Eduardo Hayes, presidente de la Asociación, entra a la sala donde se realiza esta entrevista y comenta que Valenzuela pudo haber llegado a la NBA si la liga hubiese abierto las fronteras en su época. El ex jugador sigue hablando como si no lo hubiese escuchado. Se lamenta que nadie haya filmado sus jugadas, aunque cuenta que Dan Peterson, el técnico que lideró una revolución en el basquetbol chileno en los setenta, le mandó videos en blanco y negro de una gira a Estados Unidos con la selección en 1973. Aunque ya pasaba los treinta años, resistió los cincuenta partidos ante universidades de la NCAA. Según Peterson, “Valenzuela estuvo a la altura frente a rivales complicados en la gira”.

Cuando el de Juana Ross se quería retirar en 1977, la Unión Española, el eterno rival de su carrera, le ofreció jugar un año más para arrebatarle el cetro a Tomás Bata. “Tenían jugadores espectaculares, yo no tenía mucho que aportar ahí”, confidencia. Estuvo una temporada con los hispanos y salió campeón sumando pocos minutos en el cuerpo.

Un día, después de un partido, se devolvió de Santiago a Valparaíso en taxi. Iba atrás, durmiendo. A las dos de la mañana iban llegando a Casablanca. En ese momento, un violento remezón lo despertó y le tensó los nervios. El auto casi choca y atropella a unas mujeres que iban por la berma. “Yo inmediatamente dije ‘no juego más’. Yo tengo algo especial, que la virgen me lo debe haber dado, tengo premoniciones a veces. Y no jugué más”.

Después del retiro se recibió de profesor de educación física en la Universidad Católica de Valparaíso. Fue campeón nacional juvenil dirigiendo al equipo de su ciudad. Sin embargo, se fue desencantado, no del juego, pero sí del ambiente. Al preguntarle porque el básquetbol ha bajado tanto el nivel responde que antes habían buenos dirigentes y que primaba la visión social del deporte por sobre la económica.
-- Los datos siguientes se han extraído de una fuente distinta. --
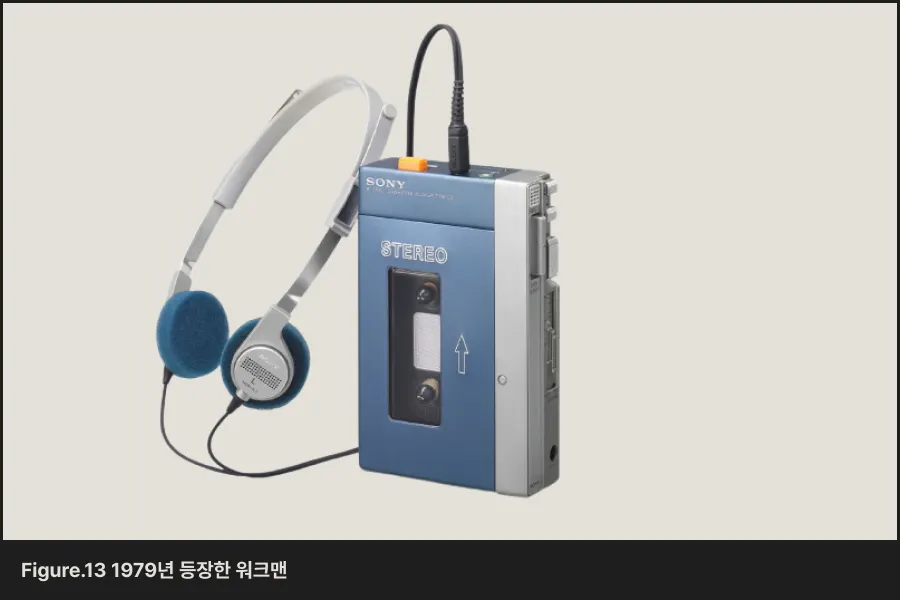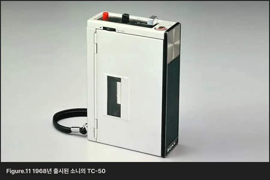 이처럼 카세트 테이프가 점차 대중화되고 있었지만, 주로 녹음 및 업무, 학습용으로 사용되었습니다. 음악 감상용으로는 LP가 더 대중적이었죠. 카세트 테이프가 LP의 자리를 넘보게 된 계기는 무엇보다 휴대용 카세트 테이프 플레어이어의 등장이었죠.
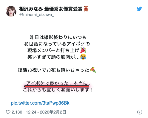 那倒是不用煩惱,相沢みなみ(相澤南)從頭到尾都沒有放棄她的事業,在調整好心情、新社長就位並且自原先的44Group獨立出來後重回片場只是時間的問題。而在月初,她明白地在twitter上告訴大家,自己重返發片崗位了:
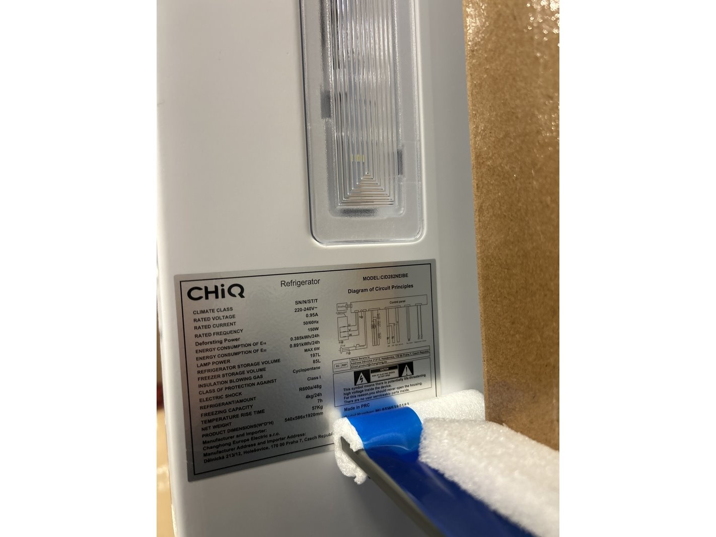 Merk: CHiQ Product: Koel-vriescombinatie 282 liter Afmeting: lxbxh 540x586x1920 mm Specificaties: Showroom model.
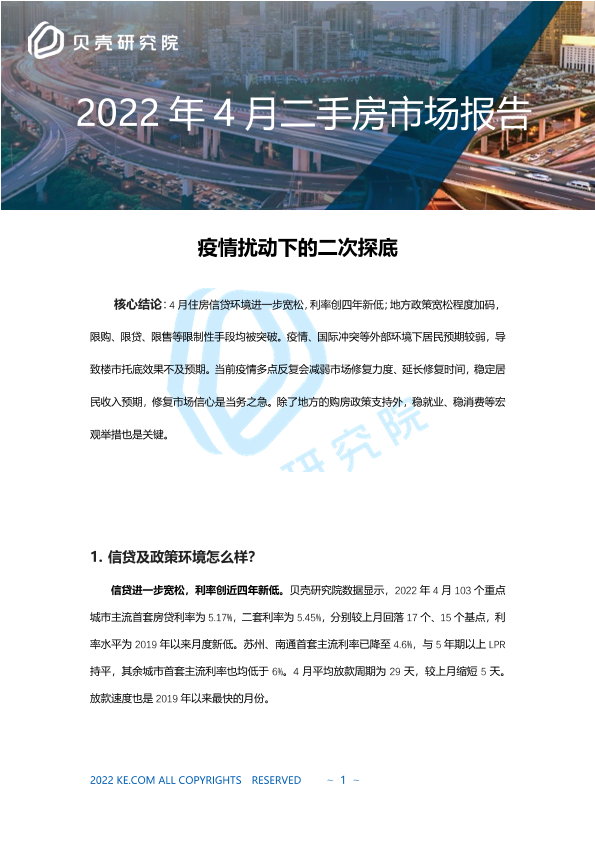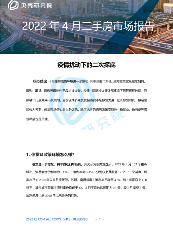 【贝壳研究院】【202204】贝壳研究院2022年4月二手房市场报告-8页
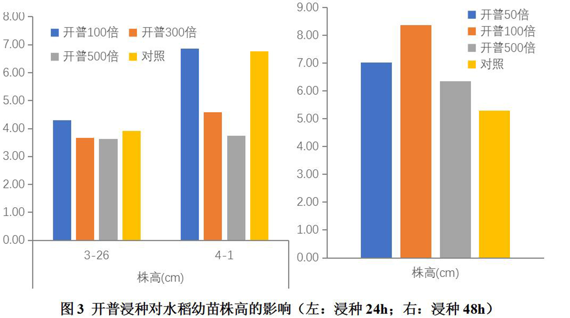 二、 结果与分析:开普100倍浸种处理24h或48h都能够显著增加水稻幼苗株高,开普50倍、500倍浸种处理48h也能够显著增加水稻幼苗株高。

“Los dirigentes daban todo por los niños. Teníamos bebidas, poleras, pantalones, salidas de cancha. Ellos pagaban un entrenador para que nos enseñara. Hoy los niños tienen que pagar 20 mil pesos mensuales si quiere jugar”, explica y pide más fiscalización para los recursos públicos que se entregan a distintas entidades para el desarrollo del basquetbol.

El viaje interno está por terminar y el “Kiko” se piensa a sí mismo. “Polilla” Santana, su gran socio y amigo, murió hace algunos años y él asegura que se encontrarán pronto, que ya le queda poca vida. Se cuida su diabetes y pasa su tiempo yendo todos los días al Fortín para conversar un rato con sus amigos y tomarse un café. También entrena, personalizada y gratuitamente, a las jóvenes promesas porteñas, entre ellas, su nieto Franco. Sin jactancia revela que sus alumnos lo llaman maestro y revela que está pensando en publicar la segunda parte de su autobiografía “El Pequeño Gigante. Mira por última vez las fotos y comenta: “Yo jamás habló de mí. No me gusta. Yo no gané solo esas cosas. Pero cuando voy a las comidas con mis ex compañeros ellos dicen ‘este tal por cual era muy bueno’”.